EXERCISE DIRECTIONS —
The entries below are to be written out exactly, with no images included.
◆ ◆ ◆ ◆
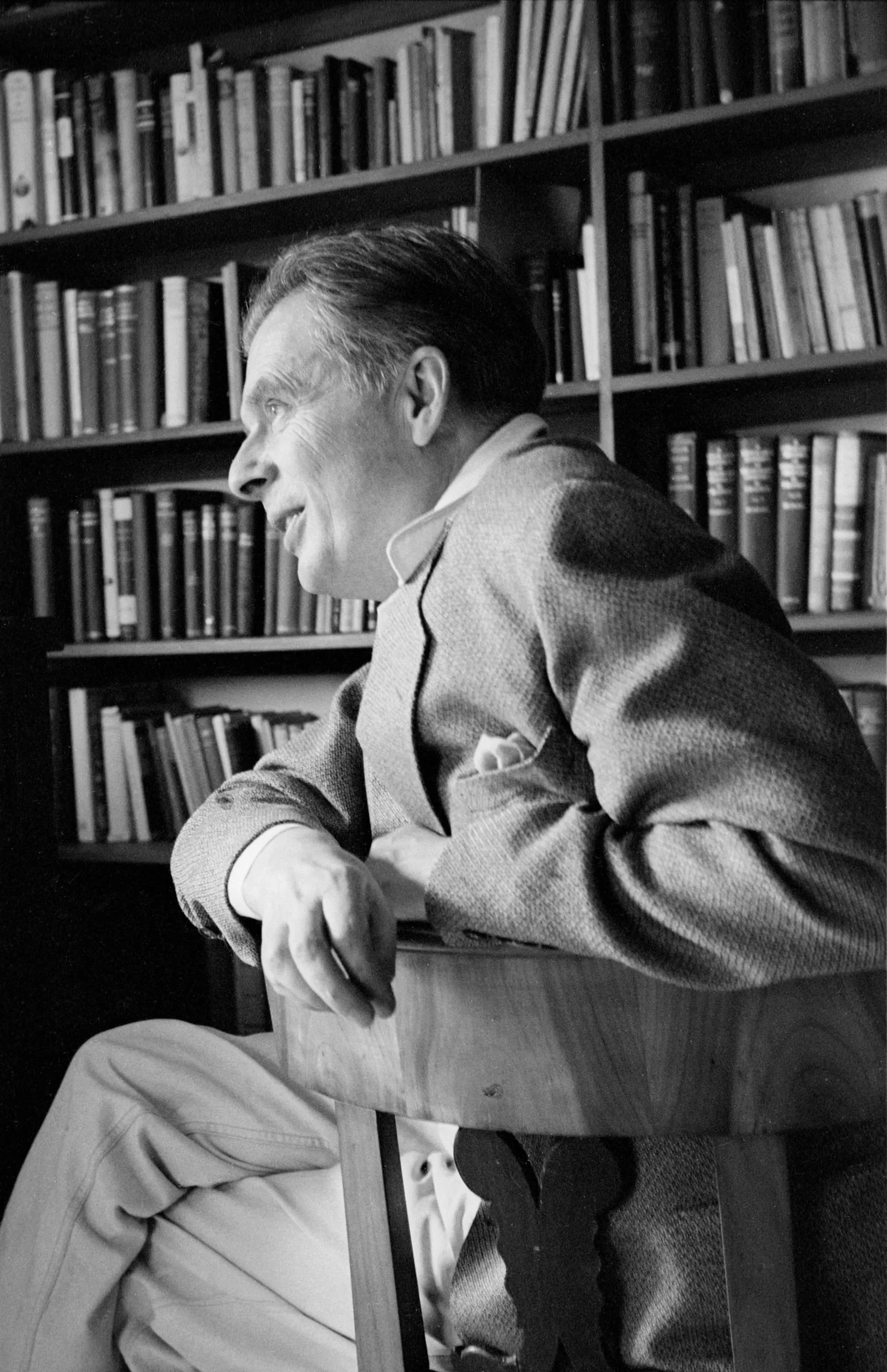 Black and white photograph of a white man in a tweed jacket seated in profile in a wooden chair, leaning forward, with bookshelves behind him
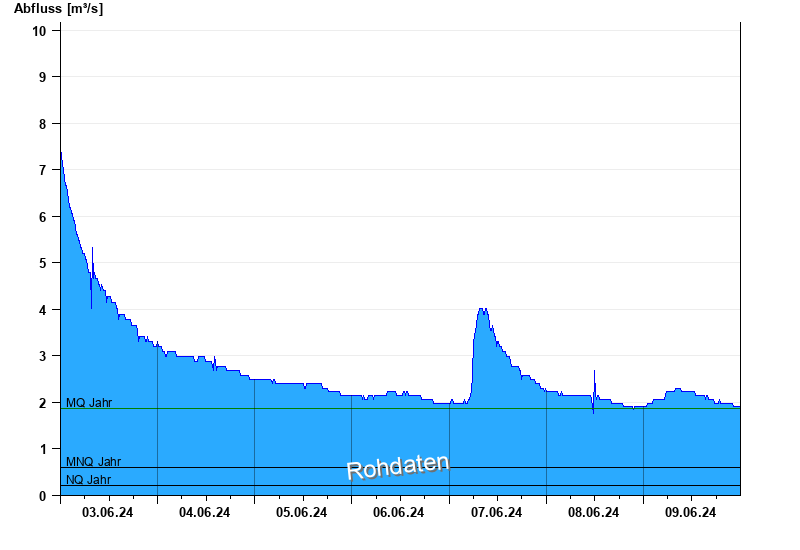 - Mittlerer Niedrigwasserabfluss MNQ 0,6 m³/s
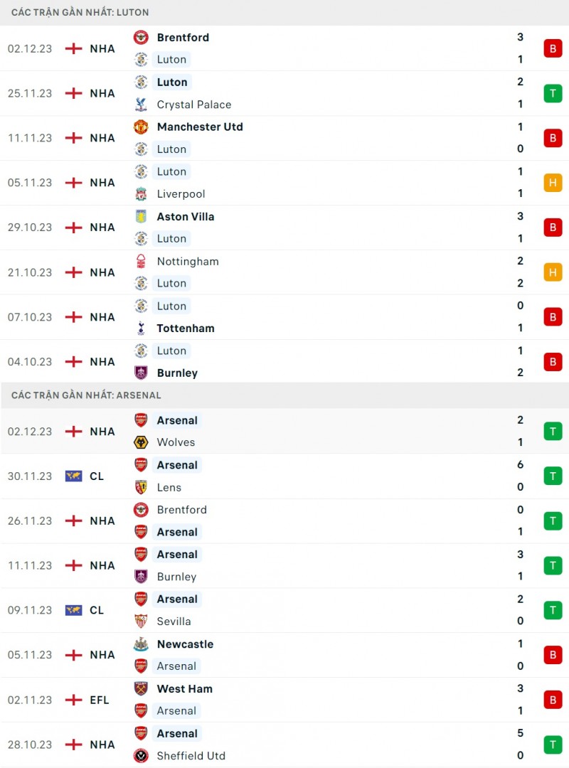 | Trận đấu giữa Luton và Arsenal sẽ diễn ra lúc 03h15 ngày 06/12 trong khuôn khổ vòng 15 Ngoại hạng Anh. |
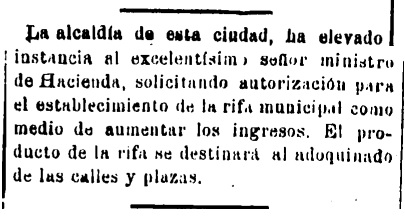 A mediados de febrero de 1895, el alcalde Eliseo Soler Breva solicita al ministro de Hacienda, José Canalejas, una autorización «para el establecimiento de la rifa municipal como medio de aumentar los ingresos», asegurando que el producto de dicha rifa «se destinará al adoquinado de las calles y plazas», según recoge la reseña del Diario de Castellon. El destinatario de la petición del Ayuntamiento de Castellón, no obstante, cesará en su cargo solo cinco semanas después, junto con el resto del gabinete presidido por Práxedes Mateo Sagasta.
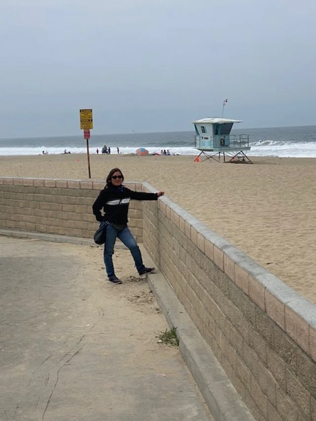 Dave’s wife Na Fennell hitting the sand at Long Beach, Los Angeles County
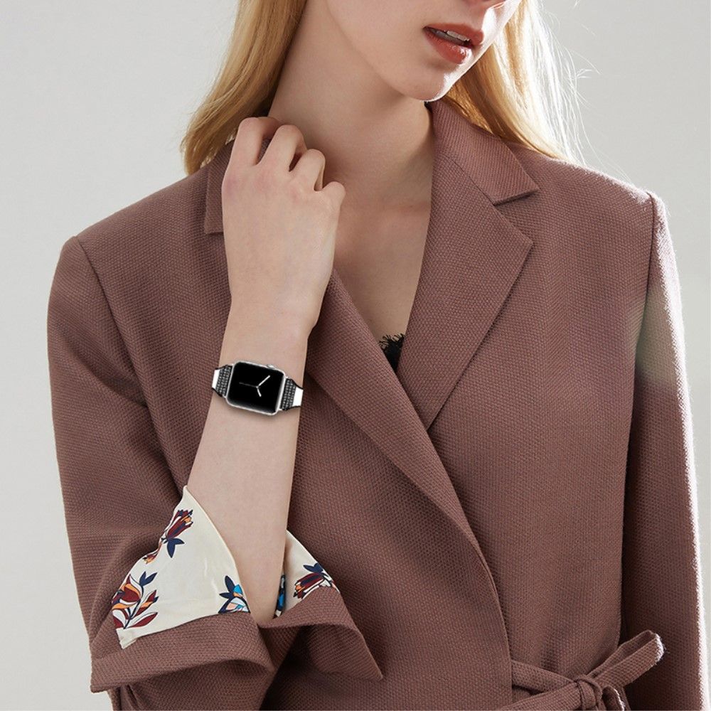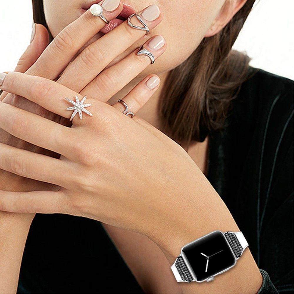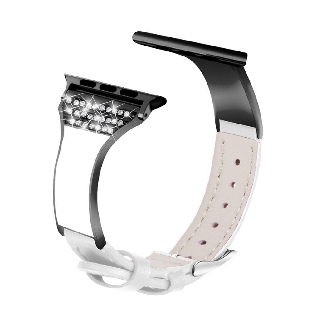 Apple Watch (41mm) strass-versiering horlogebandje van echt leer - Wit
◆ ◆ ◆ ◆
ANSWER TO THE PROBLEM —
 Black and white photograph of a white man in a tweed jacket seated in profile in a wooden chair, leaning forward, with bookshelves behind him
 - Mittlerer Niedrigwasserabfluss MNQ 0,6 m³/s
 | Trận đấu giữa Luton và Arsenal sẽ diễn ra lúc 03h15 ngày 06/12 trong khuôn khổ vòng 15 Ngoại hạng Anh. |
 A mediados de febrero de 1895, el alcalde Eliseo Soler Breva solicita al ministro de Hacienda, José Canalejas, una autorización «para el establecimiento de la rifa municipal como medio de aumentar los ingresos», asegurando que el producto de dicha rifa «se destinará al adoquinado de las calles y plazas», según recoge la reseña del Diario de Castellon. El destinatario de la petición del Ayuntamiento de Castellón, no obstante, cesará en su cargo solo cinco semanas después, junto con el resto del gabinete presidido por Práxedes Mateo Sagasta.
 Dave’s wife Na Fennell hitting the sand at Long Beach, Los Angeles County
 Apple Watch (41mm) strass-versiering horlogebandje van echt leer - Wit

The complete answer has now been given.